Highlights & Insights¶
- Systematic diagnosis of closed-loop degradation: The paper clearly decomposes the problem into observation mismatch and objective mismatch, and designs targeted solutions for each.
- Inference-time scaling strategy: This work is among the first to introduce LLM-style inference-time scaling to E2E driving — multi-candidate sampling combined with value model selection — yielding substantial improvements.
- Framework generality: MPA can be seamlessly applied to different pretrained E2E models (UniAD, VAD, LTF), consistently delivering improvements.
- Dramatic gains in safety-critical scenarios: Improvements in adversarial safety scenarios are particularly striking (HDScore 16→74.7), demonstrating high practical value.
Limitations & Future Work¶
- The approach assumes reliable 3DGS rendering under limited trajectory perturbations; large deviations may cause rendering artifacts.
- Value modeling and policy optimization are currently decoupled; joint optimization is a promising future direction.
- Validation is currently limited to the nuScenes dataset; extension to more diverse driving datasets is anticipated.
- The framework has not yet been applied to multimodal foundation models (e.g., VLMs), and handling more severe distribution shifts remains to be explored.
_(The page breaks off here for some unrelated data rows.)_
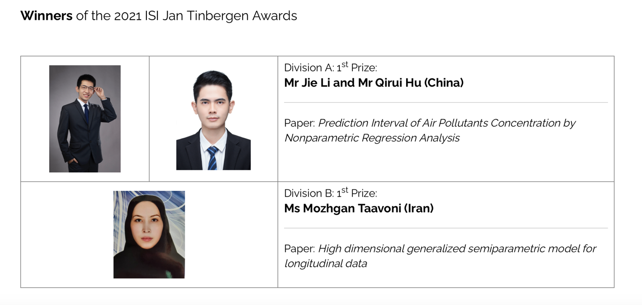 总部在荷兰的国际统计学会(ISI)是全球三个权威统计学学术组织之一,旨在引领、支持和促进全世界对统计学的理解、发展和良好实践。ISI颁发的各类荣誉奖项都被国际统计学界高度认可。简·丁伯根奖命名于获得1969年首个诺贝尔经济学奖的荷兰学者简·丁伯根,是从每两年举行一次的世界统计学大会(World Statistics Congress, WSC)青年统计学者(1987年以后出生)提交的论文中评选的最佳论文。其中Division A的获奖论文必须解决一个对广大发展中国家具有实际意义的应用统计问题。
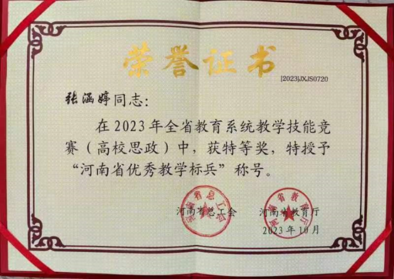 全省教学技能竞赛特等奖、河南省优秀教学标兵获得者
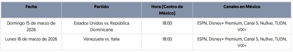 El encuentro entre Estados Unidos y República Dominicana abre la ronda de semifinales el domingo 15 de marzo, mientras que Venezuela e Italia se enfrentan el lunes 16 en busca del segundo boleto a la final del torneo internacional.
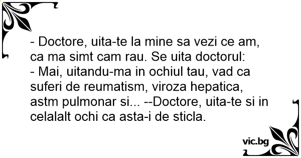- Mai, uitandu-ma in ochiul tau, vad ca suferi de reumatism, viroza hepatica, astm pulmonar si... --Doctore, uita-te si in celalalt ochi ca asta-i de sticla.
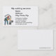 Carte de visite, taille : Grande : 8,9 cm x 6,4 cm, papier : Signature Matte, coins : Carré
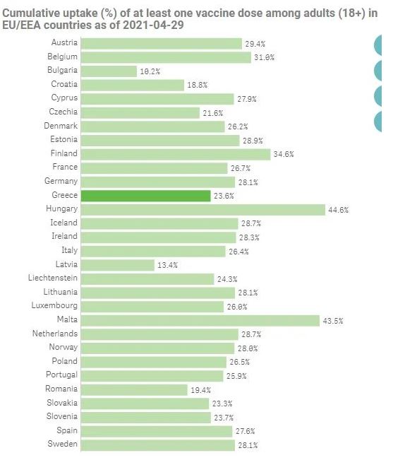 Σύμφωνα με το emvolio.gov.gr, μέχρι και το βράδυ της Μεγάλης Πέμπτης στη χώρα μας έχουν πραγματοποιηθεί 3.075.600 εμβολιασμοί και αναλυτικότερα, 2.131.900 πολίτες έχουν λάβει μόνο την πρώτη δόση του εμβολίου κατά του κορονοϊού, και 943.798 είχαν κάνει και τις δύο δόσεις. Σύμφωνα με το ECDC, η Ελλάδα έχει εμβολιάσει με την πρώτη δόση, το 23,6% του ενήλικου πληθυσμού της.

- Counterfactual data generation depends on high-quality 3DGS reconstruction, imposing requirements on scene reconstruction quality.
Related Work & Insights¶
- E2E Autonomous Driving: Unified perception-prediction-planning frameworks such as UniAD, VAD, and LTF excel in open-loop settings but suffer severe closed-loop degradation.
- Counterfactual Data Generation: Prior work focused primarily on behavioral scenario generation without incorporating visual information; MPA is the first to systematically generate counterfactual data within an E2E simulator.
- Inference-Time Reward Guidance: The inference-time scaling paradigm from the LLM domain (e.g., reward-model-guided sampling) is applied effectively to E2E driving for the first time.
- Inspiration: The paradigm of counterfactual data combined with inference-time Q-value guidance may generalize to other closed-loop control problems involving sim-to-real transfer.
Rating¶
- Novelty: ⭐⭐⭐⭐ The combination of counterfactual data, diffusion adapter, and Q-value guidance is novel; inference-time scaling in driving is pioneered here.
- Experimental Thoroughness: ⭐⭐⭐⭐⭐ Three evaluation settings (in-domain / unseen / safety-critical), comprehensive ablations, and multiple baseline comparisons.
- Writing Quality: ⭐⭐⭐⭐ Problem analysis is thorough, framework presentation is clear, and mathematical formulations are rigorous.
- Value: ⭐⭐⭐⭐ Significant practical value for closed-loop E2E driving, with large gains in safety-critical scenarios.